Image description: A man sleeps in a chair on a beach in front of three propped-up small boats

Photographing people is a tricky task. One might take the easy option, and take photos of those they know, who are comfortable on camera, easy to pose and easy to approach. Or, one might take the more difficult, but often more rewarding task of photographing strangers. There are two ways you can go about this: the more brazen might ask people for their portrait, perhaps they have an interesting character, perhaps the photographer is trying to document the people living in the chosen location. Humans of New York is the classic example of portraits of strangers where the photographer builds a relationship with the subject. The second way is to take photos of people without them knowing. 

Depending on the context of this some might believe this is an invasion of privacy, and this is certainly up for debate, but the kind of subtle, artistic, ‘street’ photography I speak of is not the aggressive paparazzi style, but rather it picks out interactions: between people, and between people and things. There are many ways to go about photographing people. There are those who have the confidence to be close to their subject, to take photos so vividly within the action that a viewer might feel as if they are there in the moment. On the other end, you have a subtler approach, one that artfully uses the aesthetics of space to frame the people within it. 

For myself, the interest began out of boredom: boredom for the sort of photos normally taken while travelling anywhere. The way I saw it, anyone can take photos of the places you visit, the places don’t move, but not anyone can take photos of the people who live there, and these moments will be unique to you. 

The way I saw it, anyone can take photos of the places you visit, the places don’t move, but not anyone can take photos of the people who live there

Originally I found this task quite difficult, practising my composition on photos that included family or friends, or keeping a certain distance while trying to still compose a frame. Photographing people you don’t know can be a scary task, since there is always the danger they might not respond well. Often, playing the role of clueless tourist was my safest option. One thing that helped my confidence was using a film camera rather than a digital one since for whatever reason it appears more artful than the large black bodies of modern cameras associated with news reportage. People are more likely to brush you off as a hipster, or some wannabe artist (and a 1970s film camera is also less likely to be stolen than its modern equivalent). 

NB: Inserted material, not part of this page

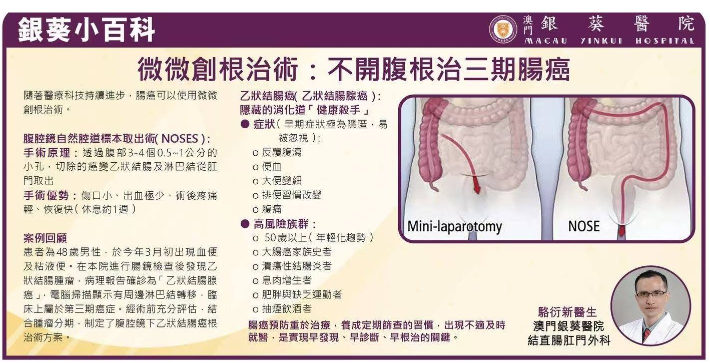 【微微創根治術:不開腹根治三期腸癌】

People are more likely to brush you off as a hipster, or some wannabe artist

A candid moment is always hard to capture, especially in a way that is actually interesting. I found myself quite critical of the sorts of images I wanted to take, often preparing to take a photo and then deciding not to rather quickly as the scene didn’t play out to be the image I had anticipated. Nevertheless, over my few years of photographing in this style, I have managed to capture people in various ways, doing various things, in photographs, I feel proud of. I would encourage anyway on their travels to focus not only on the places but also on the people. Quite often, boring trips will become quite entertaining as you learn to look for the art in the everyday.